The Important of the After Party
In many situations, the real party happens after the official party ends.
Broadening of a Successful Startup Community
Parallel Universes - There are five startup communities of Boulder - software/internet, biotech, clean tech, natural foods and lifestyle of health and sustainability (LOHAS).
Myths about startup communities
We need to be more like Silicon Valley
Much of what makes Silicon Valley (or any startup community) work has to do with things that happen below the surface. It has to do with the permeability of organizational boundaries, continuous collision of young entrepreneurs in a dense urban environment, failing entrepreneurially is accepted in the Valley.
We need more local venture capital
Startup communities and venture capital aren’ t the same. Venture capital is a service function, not materially different from accounting, law or insurance. It services existing businesses - not one that causes companies to exist in the first place. While businesses need capital, it isn’t the capital that creates the business.
Angel Investors must be organized
Most startup communities feel like they’re aren’t complete without at least one angel group who meets regularly, screens companies, see pitches and (after group deliberation) invests individually in young companies.
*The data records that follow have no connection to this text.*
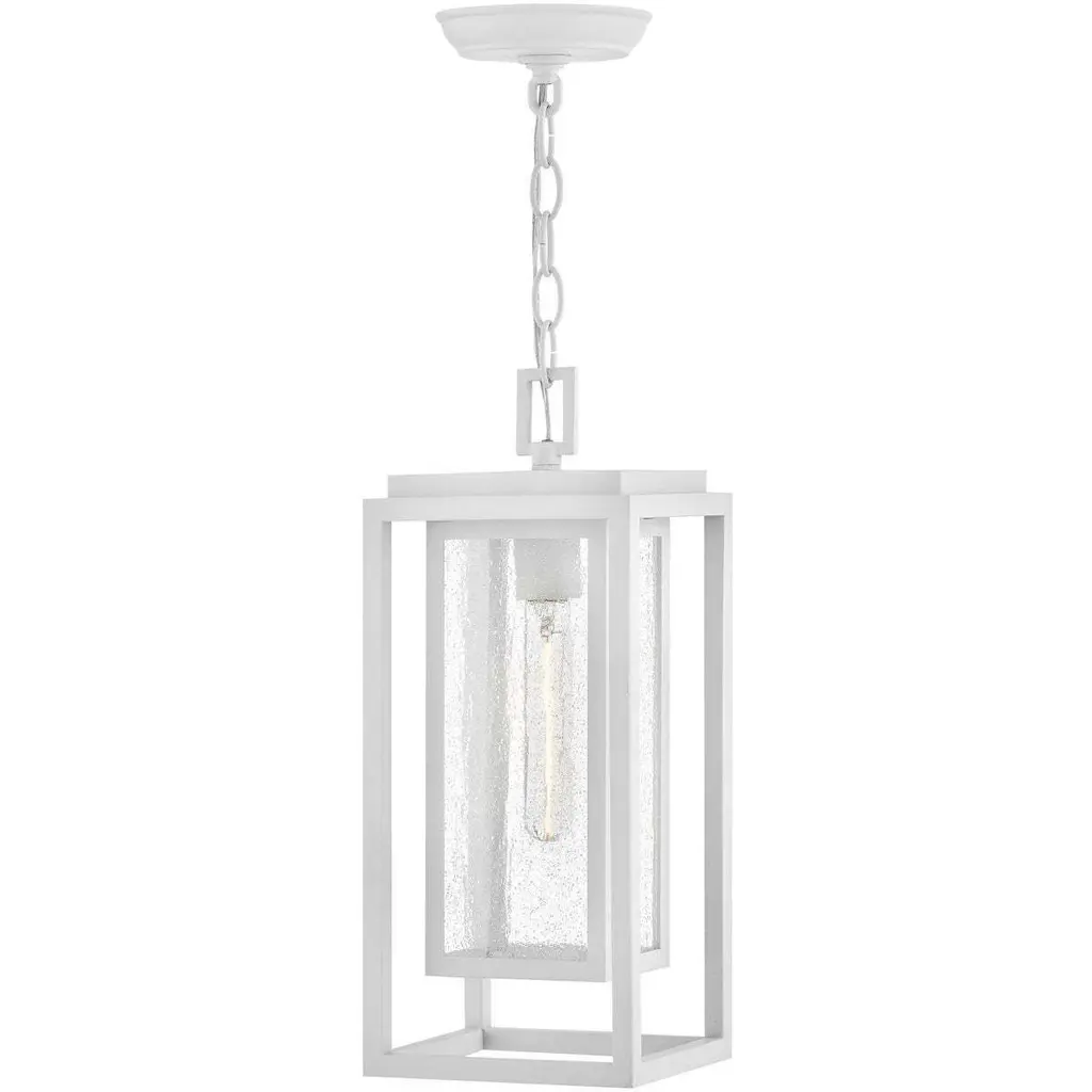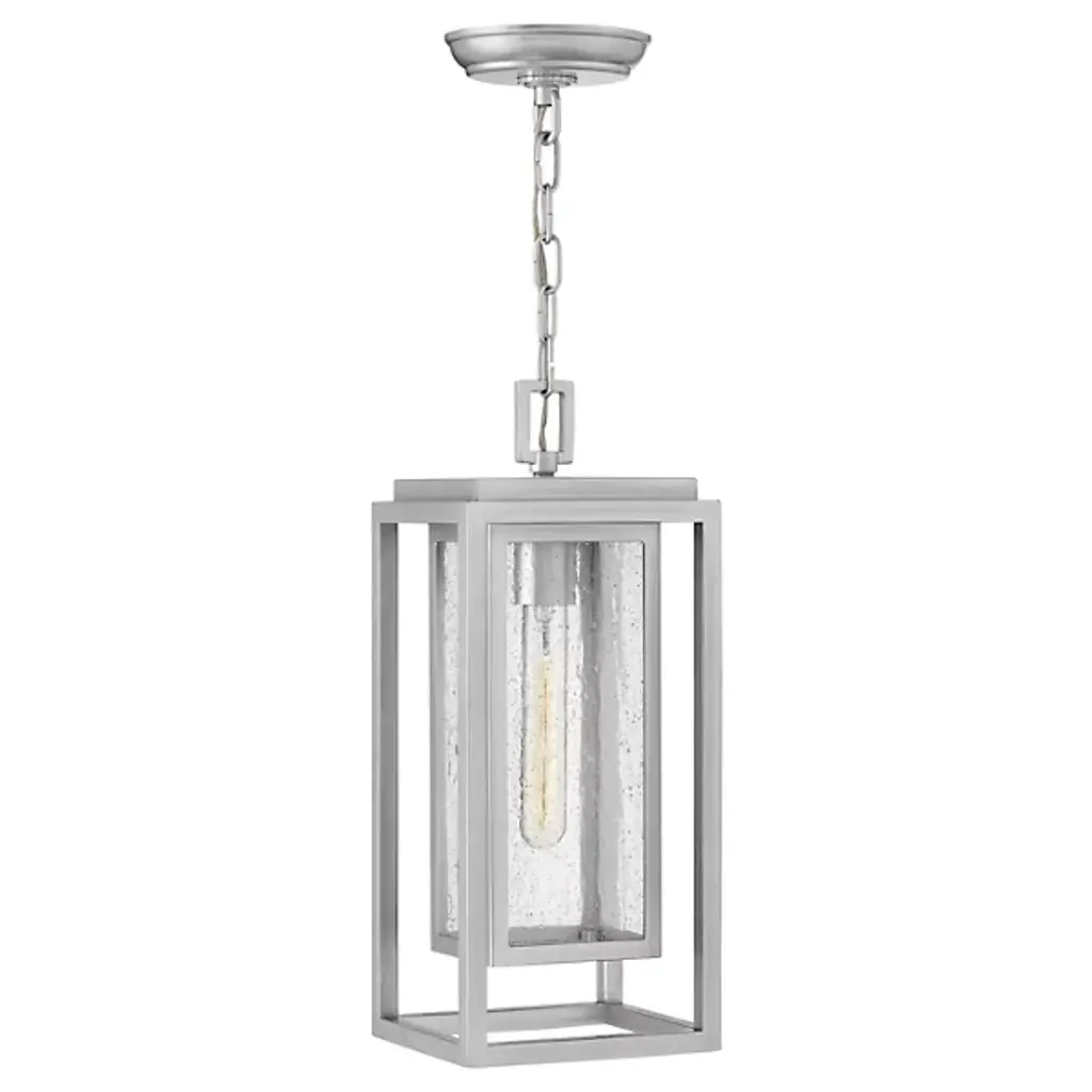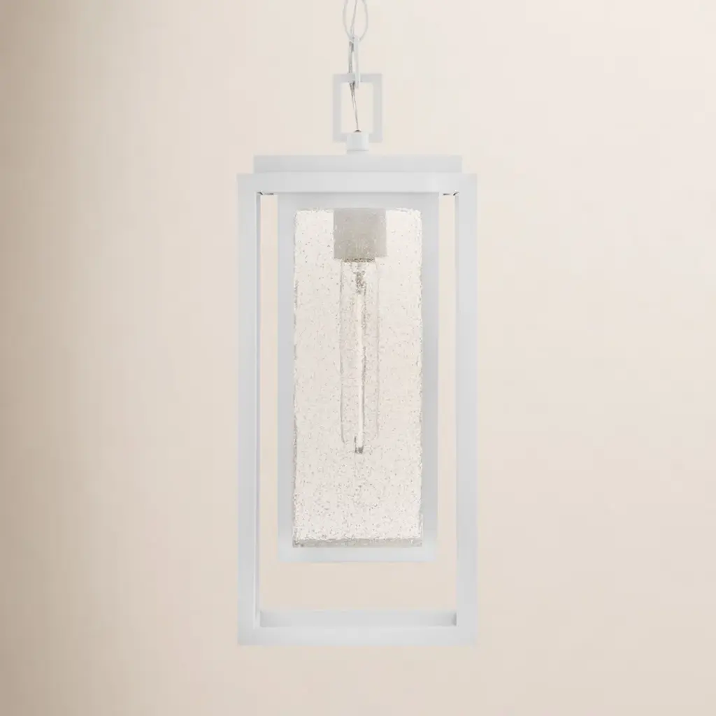 A timeless and exceptionally durable design, the Republic Pendant Light from Hinkley is built to withstand the elements with classic style. This versatile lantern features a striking double frame, crafted from a composite material treated with an anti-fading agent. The clear, seedy glass panels add a touch of vintage, coastal charm and create a beautifully diffused glow. A fusion of timeless design and resilient construction, it’s a sophisticated and lasting lighting choice for any covered porch or entryway. Highlights: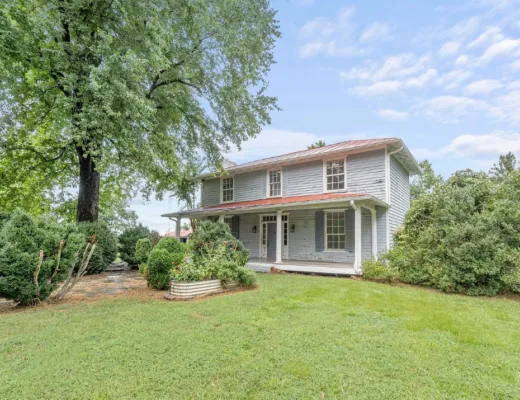 So many pretty details! I don’t think I have ever seen as many vintage light fixtures in a house! There are two staircases! The Chandler House was built in 1904. It is located on 1.57 acres in Exmore, Virginia. The house features a large wrap around front porch, tall ceilings, transom windows, pocket doors, vintage light fixtures, claw foot tub, back staircase, pretty main staircase, baseboards and original mantels. The property has mature landscaping and a koi pond. Four bedrooms, two bathrooms and 2,910 square feet. $499,900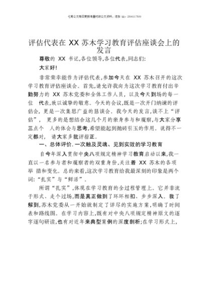 【七哥公文】2025年:评估代表在XX苏木贯彻中央八项规定精神学习教育评估座谈会上的发言1+更多免费公文+VX:QiGeGongWen2024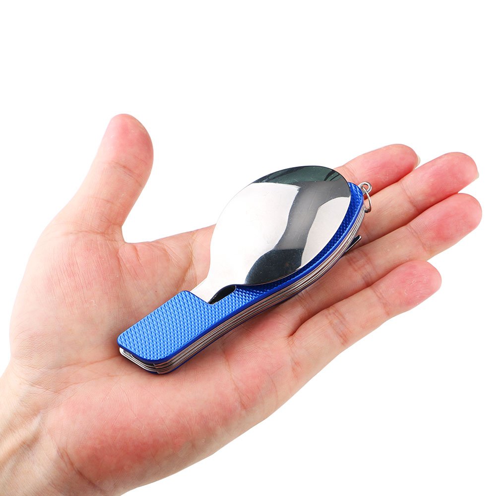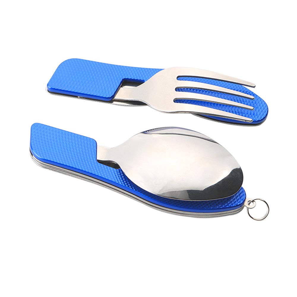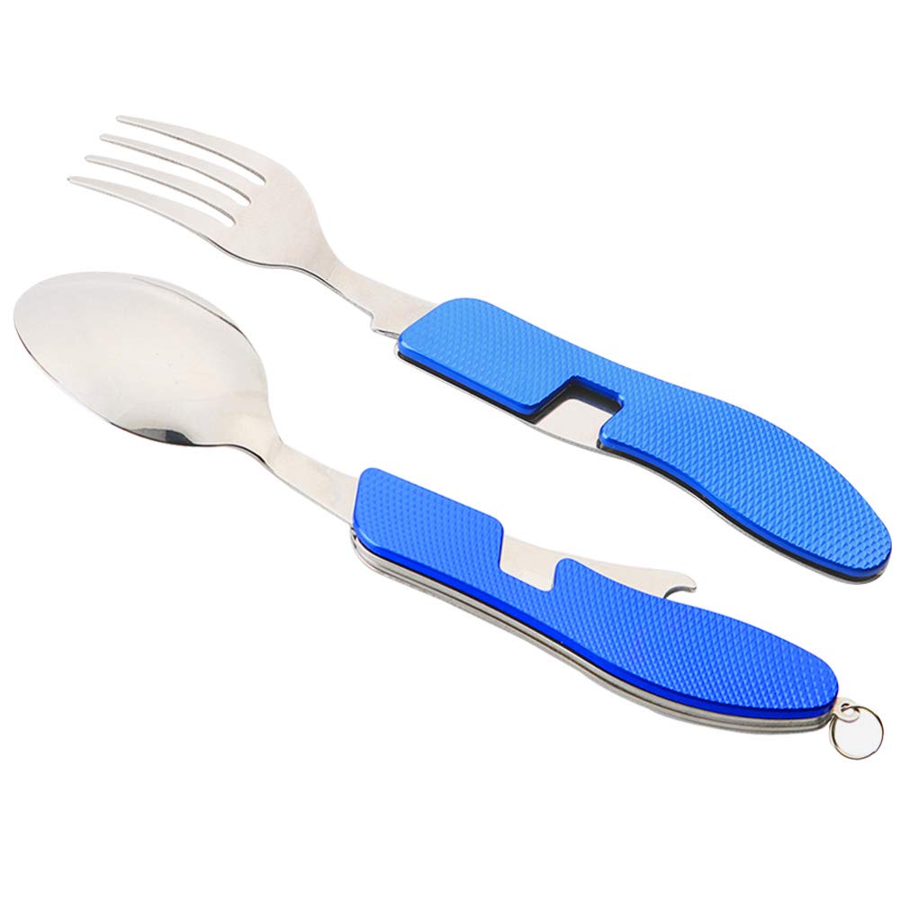 2 szt. sztućców kempingowych 4 w 1, składane sztućce 4 w 1, stal nierdzewna, zestaw sztućców kempingowych, nóż, widelec, łyżka, otwieracz do butelek (niebieski)

These groups may be useful to some angels who may want additional deal flow through these organizations or help someone else to help them through the screening or legal process. Sometimes these angel groups are too slow, aren’t active active, complain and have too many processes.
Getting Started
Scott Case (Startup America Partnership): How does your community stack up?
- Leadership: A strong group of entrepreneurs who are visible
- Intermediaries: Many well respected mentors and advisors giving back across all stages
- Network Density: Deep, well-connected community of startups and entrepreneurs along with engaged and visible investors, advisors, mentors and supporters
- Government: Strong government support for and understanding of significance of startups to economic growth (additional supportive policies should be in place covering economic development, tax and investment vehicles)
- Talent: Broad, deep talent pool for all levels of employees in all sectors and areas of expertise
- Support services: Professional services (legal, accounting, real estate, insurance, consulting) that are integrated and appropriately priced
- Engagement: Large number of events for entrepreneurs and the community to connect
- Companies: Large companies that are the anchor of a city.
- Capital: Strong, dense and supportive community of VC’s, angels, seed investors and other forms of financing should be available.